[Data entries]
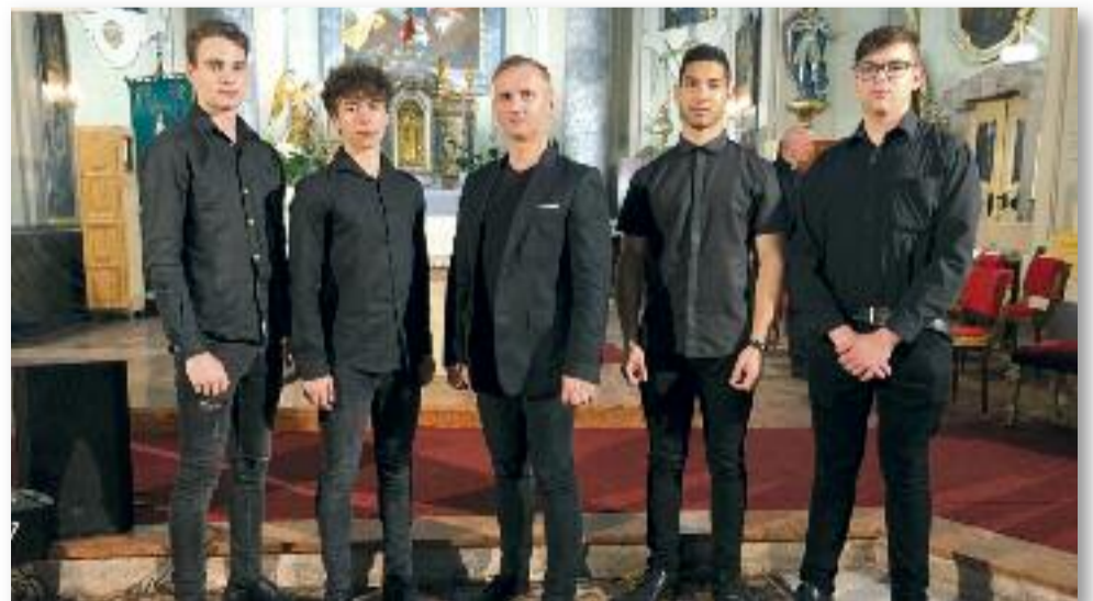
A négy szólista és a tanár úr

Szeptembertől pedig új lendülettel készülhetünk az újabb élvezetes koncertekre és remek dalokra.
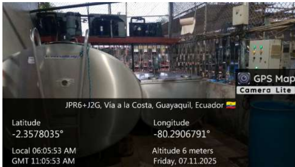
Anexo 3. Sala de tanques de recolección.
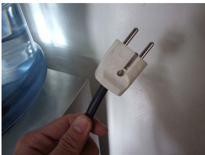
สายไฟต้องให้ปลั๊กตัวผู้ที่มีสายดินด้วย
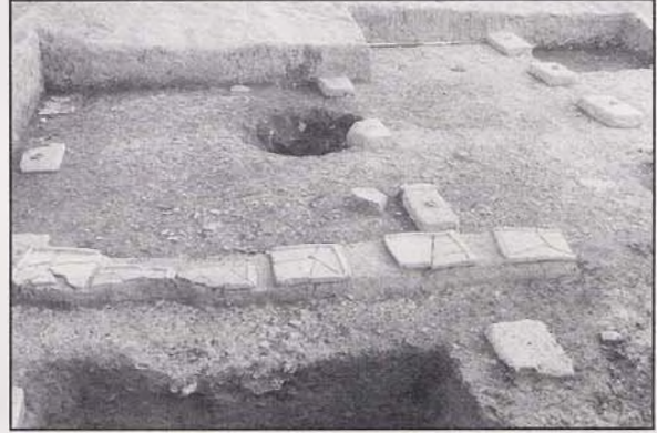
Resim 12 : Klaros Apollon Tapınağı örk blokları ve arasındaki pişmiş toprak tepsiler

yakılarak tanrıya ulaştırılacak bölümlerinin altara taşındığını göstermektedir. Zaten kurbanların doğrudan altarin içinde kesilerek yüzülmesi ve parçalanması altar içinde baş edilemeyecek kadar büyük bir temizlik sorunu, atıkların taşınması için büyük bir iş gücü ve zaman gerektirecektir. Bu nedenle kurbanın altar dışında kesilmesi pratik bir yaklaşım olacağı gibi, hem de törenler sırasında oluşacak büyük bir kargaşayı önleyecek ve zaten hemen hemen bütün kutsal alanlarda var olan su kaynaklarıyla atıkların kolayca temizlenmesine imkân verecektir. Herodotos'un aktardığı bir olayda da kurban kesenin yanında kurban etlerini koyacağı leğenler ve temizlik için su bulunması da bu tezimizi kuşkuya yer bırakmayacak bir şekilde doğrular niteliktedir.
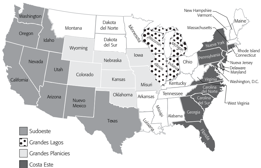
Mapa 2 REGIONES DE DESTINO DE LA MIGRACIÓN A ESTADOS UNIDOS

El autor ilustra su regionalización en el mapa 2, que aparece a continuación.
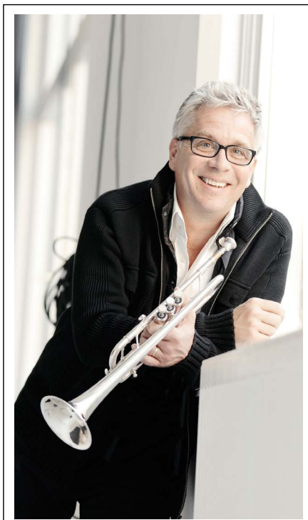
Håkan Hardenberger.

Podiet på klubben är placerat precis framför fönstren till köket, där man då och då ser jäktade kockar vifta förbi. Själv sitter jag uppflugen på en barstol med den imponerande baren och en mängd besökare mellan mig och musikerna. Men personalen är beundransvärt tyst och koncentrationen i publiken
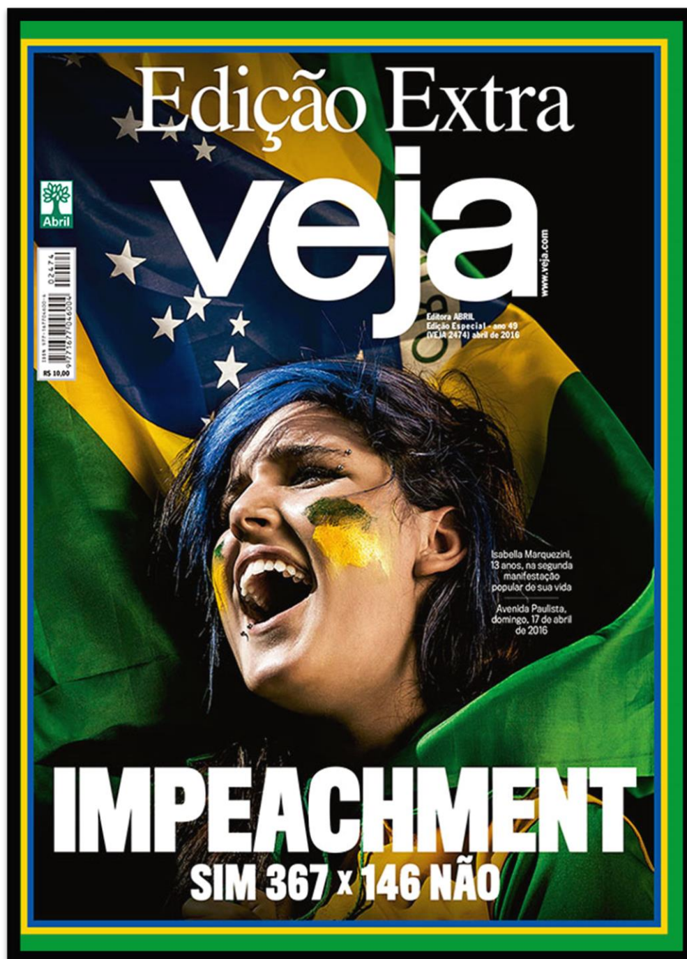
Figura 17 – Capa da revista Veja em edição extra retratando uma jovem enrolada na bandeira do Brasil.

A edição extra acima trata do dia da votação na câmara dos deputados, o nome da revista aparece no alto e em branco, em baixo, também em branco, a chamada com os caracteres em caixa alta “IMPEACHMENT” e “SIM 367 X 146 NÃO”. A capa vem com a fotografia da jovem Isabella Markezini com o rosto pintado de verde e amarelo e enrolada em uma bandeira do Brasil, para explicar a foto a legenda: “Isabella Markezini 13 anos na segunda

▶ [YOUR GOAL]:
Return the stretch of data that begins with the line showing "Anexo 3. Sala de tanques de recolección." and goes on through the line showing "Resim 12 : Klaros", exactly, with pictures removed.

▶ [RESULT BELOW]:
Anexo 3. Sala de tanques de recolección.
สายไฟต้องให้ปลั๊กตัวผู้ที่มีสายดินด้วย
Resim 12 : Klaros Apollon Tapınağı örk blokları ve arasındaki pişmiş toprak tepsiler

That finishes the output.